--- START ---

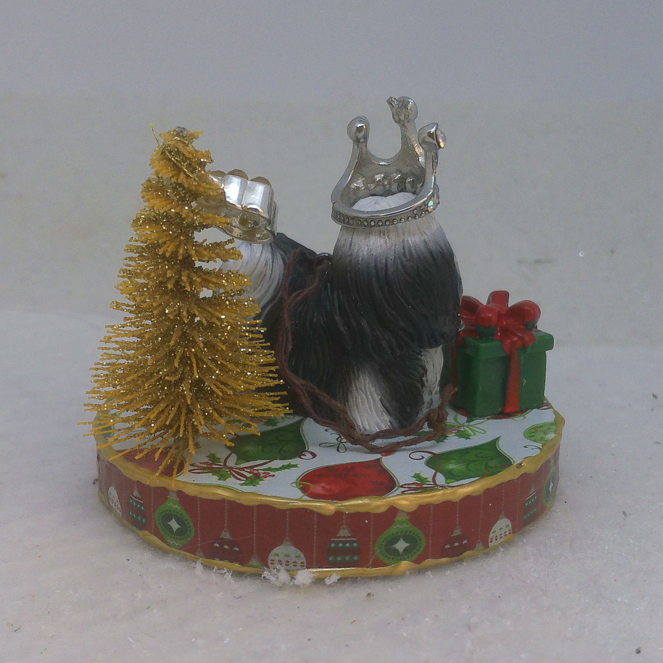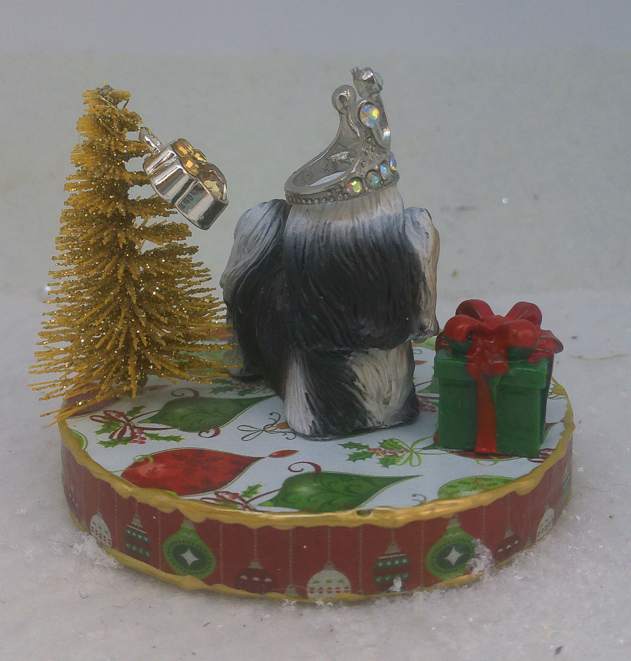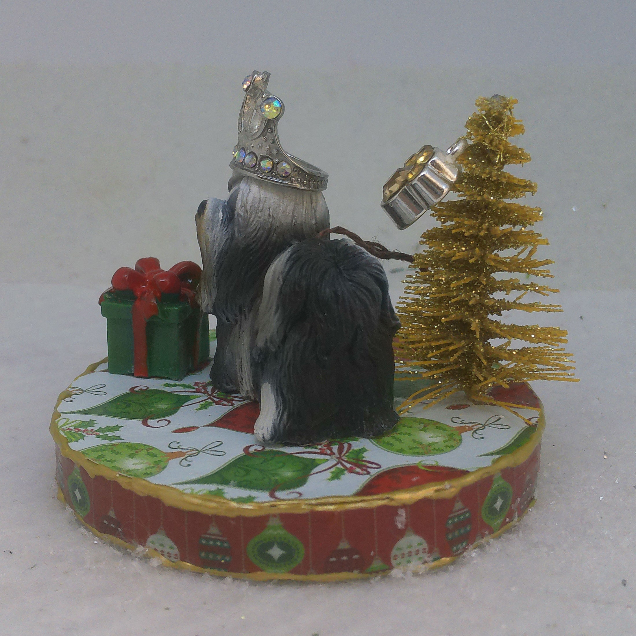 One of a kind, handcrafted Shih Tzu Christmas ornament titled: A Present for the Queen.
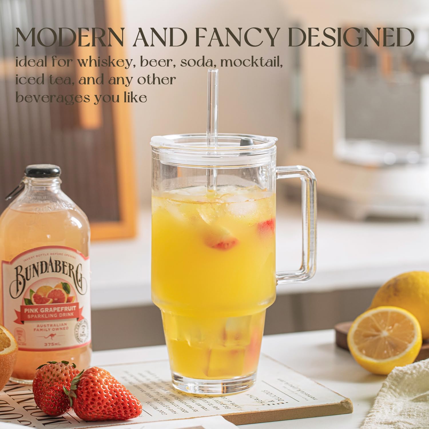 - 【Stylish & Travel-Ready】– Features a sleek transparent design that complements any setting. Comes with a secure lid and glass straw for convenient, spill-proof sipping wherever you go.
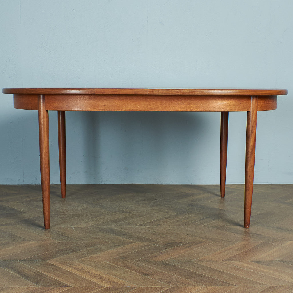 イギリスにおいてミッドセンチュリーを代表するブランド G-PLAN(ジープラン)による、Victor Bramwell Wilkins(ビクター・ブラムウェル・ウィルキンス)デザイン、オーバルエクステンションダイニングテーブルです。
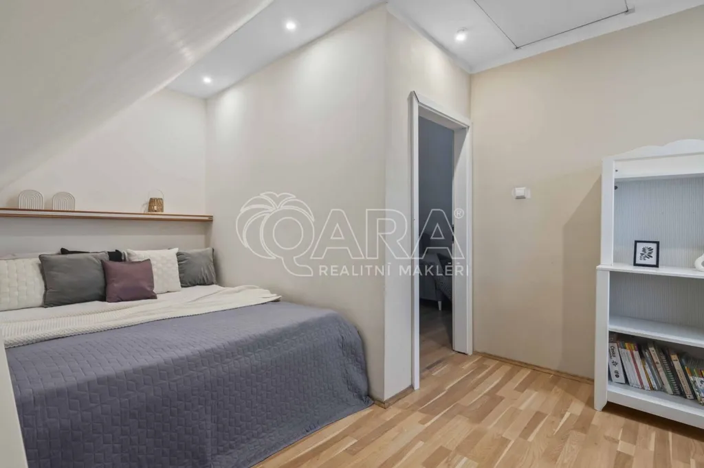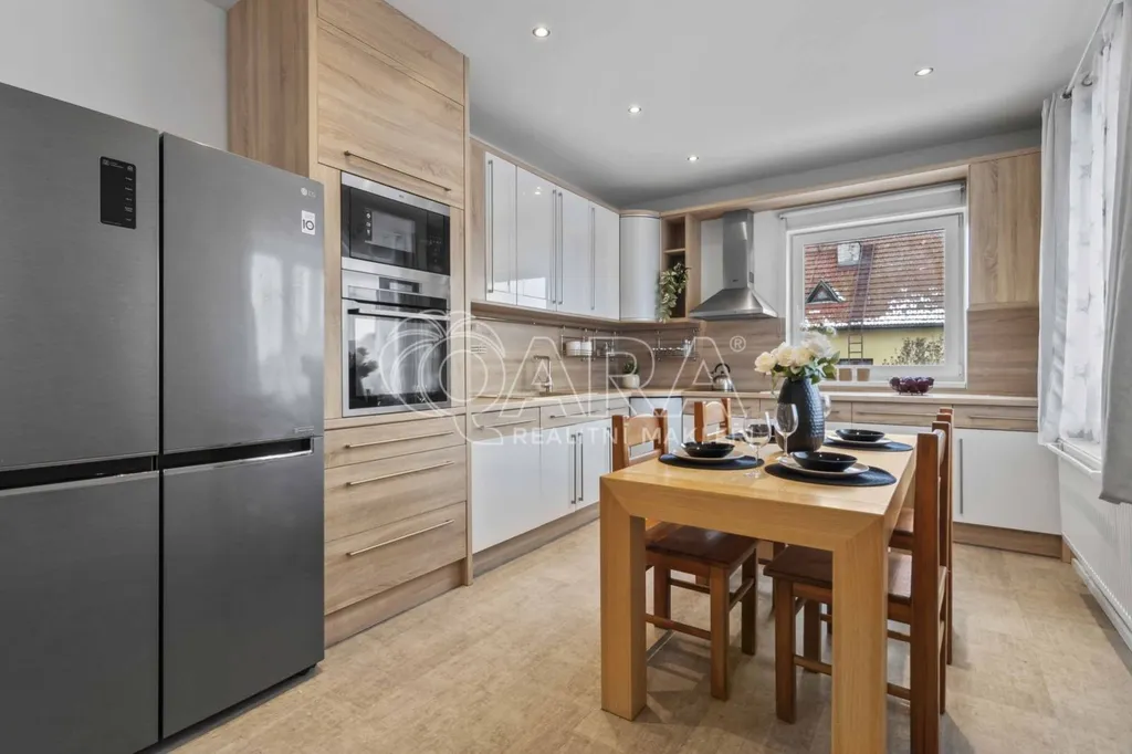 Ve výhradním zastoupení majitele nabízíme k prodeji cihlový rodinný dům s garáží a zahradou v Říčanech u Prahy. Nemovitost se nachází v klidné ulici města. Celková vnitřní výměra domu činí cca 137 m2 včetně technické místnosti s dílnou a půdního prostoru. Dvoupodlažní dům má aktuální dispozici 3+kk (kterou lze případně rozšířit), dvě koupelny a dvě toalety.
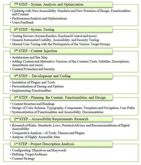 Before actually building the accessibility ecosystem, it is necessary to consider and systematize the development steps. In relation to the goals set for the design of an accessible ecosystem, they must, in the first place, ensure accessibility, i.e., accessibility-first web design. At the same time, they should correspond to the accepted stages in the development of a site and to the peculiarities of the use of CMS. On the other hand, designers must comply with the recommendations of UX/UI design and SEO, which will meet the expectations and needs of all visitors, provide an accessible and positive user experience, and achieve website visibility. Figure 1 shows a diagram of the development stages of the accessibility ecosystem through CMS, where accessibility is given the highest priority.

--- END ---
--- START ---

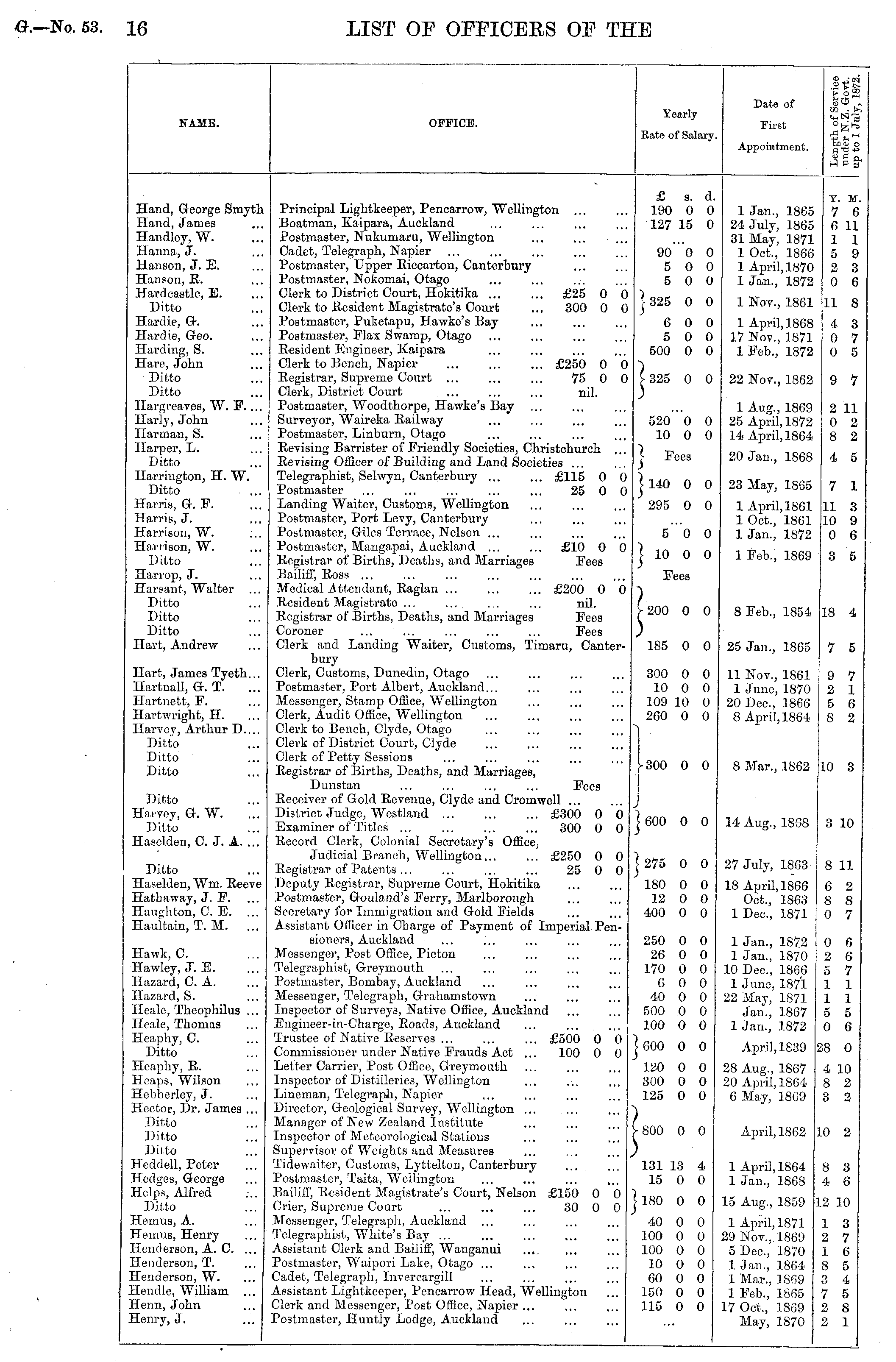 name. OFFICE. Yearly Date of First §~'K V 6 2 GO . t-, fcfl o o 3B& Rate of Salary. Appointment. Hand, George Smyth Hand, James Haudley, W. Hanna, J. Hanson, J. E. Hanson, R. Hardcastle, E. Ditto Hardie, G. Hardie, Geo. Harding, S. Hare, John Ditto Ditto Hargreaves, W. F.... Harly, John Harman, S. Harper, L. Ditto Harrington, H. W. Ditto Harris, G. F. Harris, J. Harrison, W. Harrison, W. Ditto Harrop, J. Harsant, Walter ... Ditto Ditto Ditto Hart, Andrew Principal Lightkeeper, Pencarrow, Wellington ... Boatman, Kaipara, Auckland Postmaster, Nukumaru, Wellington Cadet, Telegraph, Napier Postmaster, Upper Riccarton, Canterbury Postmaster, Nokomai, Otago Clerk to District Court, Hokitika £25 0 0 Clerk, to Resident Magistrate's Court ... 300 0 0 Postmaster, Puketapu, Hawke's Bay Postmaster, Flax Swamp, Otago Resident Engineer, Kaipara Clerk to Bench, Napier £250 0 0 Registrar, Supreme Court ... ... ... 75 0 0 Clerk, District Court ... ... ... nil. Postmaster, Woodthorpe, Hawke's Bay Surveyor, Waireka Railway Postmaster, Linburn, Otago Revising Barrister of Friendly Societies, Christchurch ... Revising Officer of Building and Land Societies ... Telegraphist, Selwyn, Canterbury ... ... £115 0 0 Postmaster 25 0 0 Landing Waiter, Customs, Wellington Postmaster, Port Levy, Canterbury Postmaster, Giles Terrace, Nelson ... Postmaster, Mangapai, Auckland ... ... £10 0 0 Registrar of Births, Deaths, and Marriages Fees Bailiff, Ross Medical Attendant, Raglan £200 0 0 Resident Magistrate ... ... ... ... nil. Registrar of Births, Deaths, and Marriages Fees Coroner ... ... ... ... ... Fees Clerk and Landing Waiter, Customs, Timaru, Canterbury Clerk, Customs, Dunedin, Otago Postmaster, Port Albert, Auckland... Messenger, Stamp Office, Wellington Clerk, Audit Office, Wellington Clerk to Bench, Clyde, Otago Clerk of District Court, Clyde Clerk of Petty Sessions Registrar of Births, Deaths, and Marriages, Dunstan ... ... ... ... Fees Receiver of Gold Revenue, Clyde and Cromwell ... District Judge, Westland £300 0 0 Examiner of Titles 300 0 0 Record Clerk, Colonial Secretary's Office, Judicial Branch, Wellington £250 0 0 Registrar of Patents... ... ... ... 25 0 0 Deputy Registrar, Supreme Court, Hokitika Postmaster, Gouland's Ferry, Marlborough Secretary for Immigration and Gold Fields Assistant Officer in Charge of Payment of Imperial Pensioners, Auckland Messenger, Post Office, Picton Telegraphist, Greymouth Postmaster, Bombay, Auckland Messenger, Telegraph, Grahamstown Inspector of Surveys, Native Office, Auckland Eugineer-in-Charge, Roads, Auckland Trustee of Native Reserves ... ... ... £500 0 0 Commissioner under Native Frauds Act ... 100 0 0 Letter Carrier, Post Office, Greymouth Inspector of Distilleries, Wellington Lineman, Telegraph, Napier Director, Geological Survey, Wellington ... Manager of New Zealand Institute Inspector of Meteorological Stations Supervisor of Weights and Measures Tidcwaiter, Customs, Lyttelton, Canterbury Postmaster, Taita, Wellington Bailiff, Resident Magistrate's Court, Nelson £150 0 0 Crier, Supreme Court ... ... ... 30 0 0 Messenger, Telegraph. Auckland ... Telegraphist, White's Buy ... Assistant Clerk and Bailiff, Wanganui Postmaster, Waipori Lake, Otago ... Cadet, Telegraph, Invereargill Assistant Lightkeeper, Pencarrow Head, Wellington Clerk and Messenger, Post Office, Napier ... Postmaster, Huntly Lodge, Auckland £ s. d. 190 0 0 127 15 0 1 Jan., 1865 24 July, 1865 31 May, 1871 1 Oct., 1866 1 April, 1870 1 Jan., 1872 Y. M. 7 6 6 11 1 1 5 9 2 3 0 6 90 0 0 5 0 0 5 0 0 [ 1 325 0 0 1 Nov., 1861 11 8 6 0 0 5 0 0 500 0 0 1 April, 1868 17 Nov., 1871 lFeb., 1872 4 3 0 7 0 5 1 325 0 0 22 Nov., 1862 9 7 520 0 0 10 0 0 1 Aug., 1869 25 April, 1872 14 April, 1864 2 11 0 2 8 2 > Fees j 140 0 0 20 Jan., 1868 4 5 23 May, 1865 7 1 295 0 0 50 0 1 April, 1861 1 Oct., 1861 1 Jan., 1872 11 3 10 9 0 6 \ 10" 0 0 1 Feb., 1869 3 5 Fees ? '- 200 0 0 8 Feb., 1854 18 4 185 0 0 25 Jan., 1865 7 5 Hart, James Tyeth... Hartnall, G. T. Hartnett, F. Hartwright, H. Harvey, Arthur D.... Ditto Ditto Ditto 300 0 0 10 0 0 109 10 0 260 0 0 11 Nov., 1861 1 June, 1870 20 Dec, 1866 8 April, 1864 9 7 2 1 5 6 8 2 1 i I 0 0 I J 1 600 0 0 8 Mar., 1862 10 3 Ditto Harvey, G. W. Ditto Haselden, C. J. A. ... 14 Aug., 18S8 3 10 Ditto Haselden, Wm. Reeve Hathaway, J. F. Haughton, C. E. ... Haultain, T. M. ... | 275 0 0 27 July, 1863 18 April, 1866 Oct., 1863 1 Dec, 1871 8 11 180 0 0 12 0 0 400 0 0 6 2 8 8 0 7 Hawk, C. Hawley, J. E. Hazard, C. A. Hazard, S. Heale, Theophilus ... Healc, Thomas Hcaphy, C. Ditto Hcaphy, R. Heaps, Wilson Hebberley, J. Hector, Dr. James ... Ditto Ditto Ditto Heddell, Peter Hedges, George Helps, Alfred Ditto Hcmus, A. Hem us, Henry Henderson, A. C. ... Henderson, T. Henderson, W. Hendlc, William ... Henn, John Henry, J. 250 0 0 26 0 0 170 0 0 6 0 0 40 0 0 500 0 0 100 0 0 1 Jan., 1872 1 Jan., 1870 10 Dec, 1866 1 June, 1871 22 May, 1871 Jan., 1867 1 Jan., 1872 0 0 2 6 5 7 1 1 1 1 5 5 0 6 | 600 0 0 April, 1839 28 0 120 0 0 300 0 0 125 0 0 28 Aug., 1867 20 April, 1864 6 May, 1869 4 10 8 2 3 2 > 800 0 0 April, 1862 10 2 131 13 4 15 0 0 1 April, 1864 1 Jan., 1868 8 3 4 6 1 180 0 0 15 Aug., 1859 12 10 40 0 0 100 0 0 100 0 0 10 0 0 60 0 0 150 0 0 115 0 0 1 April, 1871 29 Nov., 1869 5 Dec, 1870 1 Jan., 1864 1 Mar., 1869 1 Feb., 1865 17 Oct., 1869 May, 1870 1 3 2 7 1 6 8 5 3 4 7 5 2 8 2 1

--- END ---

* Task description
Exactly reproduce the lines above, starting at the one that contains "One of a kind, handcrafted" and ending at the one that contains "- 【Stylish &", both inclusive; leave the pictures out and add no other lines.

* Exercise solution
 One of a kind, handcrafted Shih Tzu Christmas ornament titled: A Present for the Queen.
 - 【Stylish & Travel-Ready】– Features a sleek transparent design that complements any setting. Comes with a secure lid and glass straw for convenient, spill-proof sipping wherever you go.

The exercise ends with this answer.